The information collected in spontaneous reports is a reflection of a clinical event that has been attributed to the use of one or more suspected drugs. Although the majority of information provided in the ICSRs is coded, the description of the clinical event, as well as the interpretation of the reporter, contains valuable information for signal detection purposes. Examples are the description of timing and course of the reactions, of the presence or absence of additional risk factors and of the medical history of the patient involved. Since only part of this information is coded and can be used in statistical analysis, it remains important to review the underlying cases at all times for signal detection purposes. Knowledge of the local healthcare system, its corresponding guidelines and the possibilities to follow up for more detailed information are considered important during this review.

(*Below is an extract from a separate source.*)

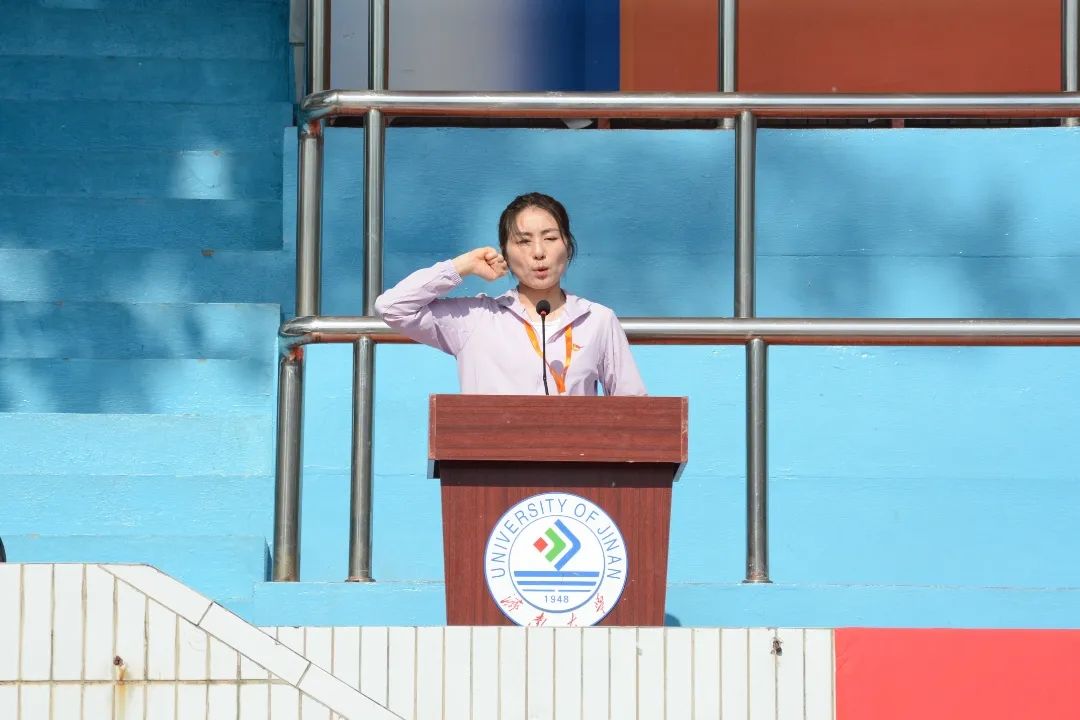 在介绍完出席的领导、嘉宾后,全体肃立,激昂的国歌奏响。那声音回荡在操场的每一个角落,也激荡在每个人的心中。紧接着,学校党委书记刘春华宣布济南大学2025年田径运动会暨第五届体育文化艺术节开幕。校长刘宗明致开幕词。勉励各参赛成员,在赛场秉持高尚品德,于竞技中追求卓越成绩。
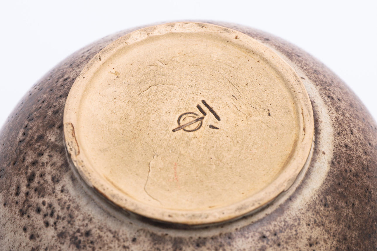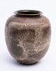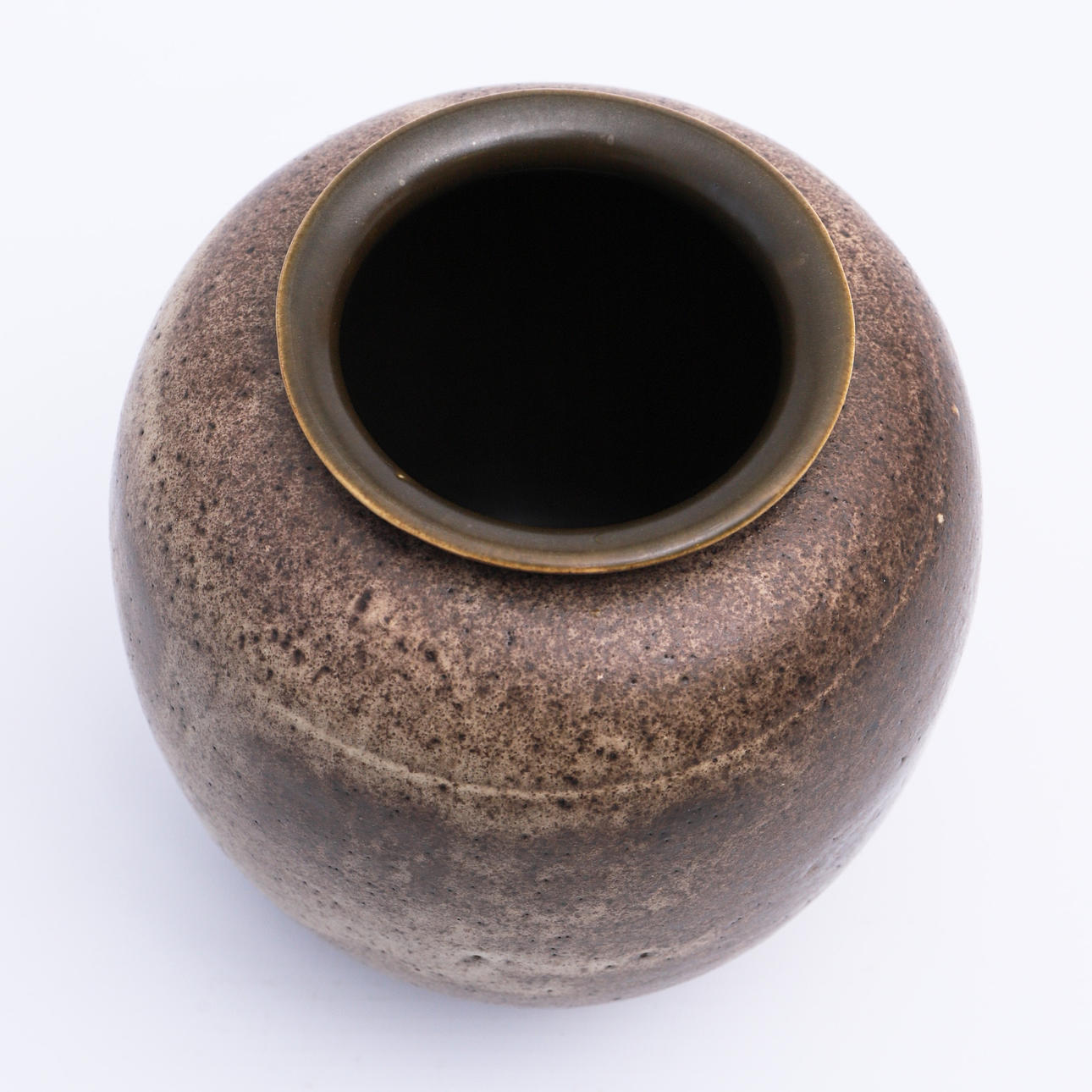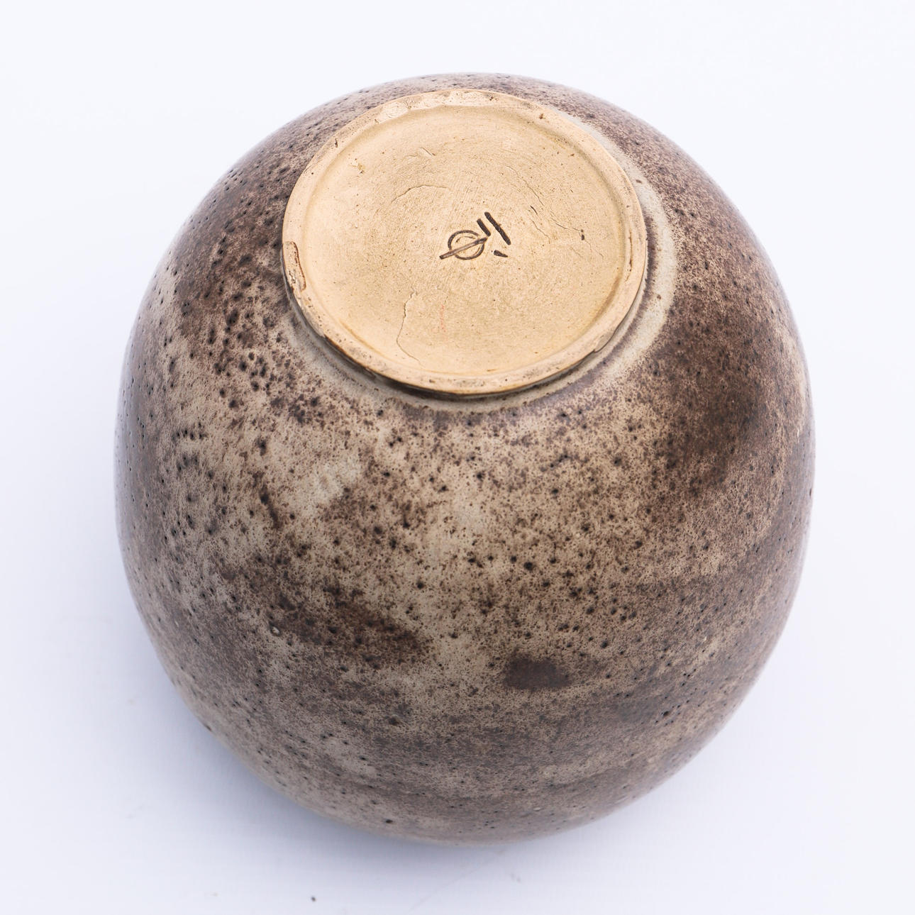 Vase. stoneware. Translucent brown, cloudy glaze over a stone-grey ground. Inside matt olive. H. 16.5 cm. Marked on the bottom with workshop mark OL with underline and small additional notch lower left (scratched).

The increase in systematic collection of ICSRs in large electronic databases has allowed the application of data mining and statistical techniques for the detection of safety signals (see chapter 9). Validation of statistical signal detection procedures in EudraVigilance post-authorisation data: a retrospective evaluation of the potential for earlier signalling (Drug Saf. 2010;33(6): 475-87) has shown that the statistical methods applied in EudraVigilance can provide significantly early warning in a large proportion of drug safety problems. Nonetheless, this approach should supplement, rather than replace, other pharmacovigilance methods.
The report Characterization of databases (DB) used for signal detection (SD) shows the heterogeneity of spontaneous databases and the lack of comparability of signal detection methods employed.
Chapters IV and V of the Report of the CIOMS Working Group VIII ‘Practical aspects of Signal detection in Pharmacovigilance’ present sources and limitations of spontaneously-reported drug-safety information and databases that support signal detection. Appendix 3 of the report provides a list of international and national spontaneous reporting system databases.
Finally, in EudraVigilance Medicines Safety Database: Publicly Accessible Data for Research and Public Health Protection (Drug Saf. 2018;41(7):665-75), the authors describe how these databases, focusing on EudraVigilance, have been made more easily accessible for external stakeholders. This has allowed to provide better access to information on suspected adverse reactions for healthcare professionals and patients, and opportunities for health research for academic institutions.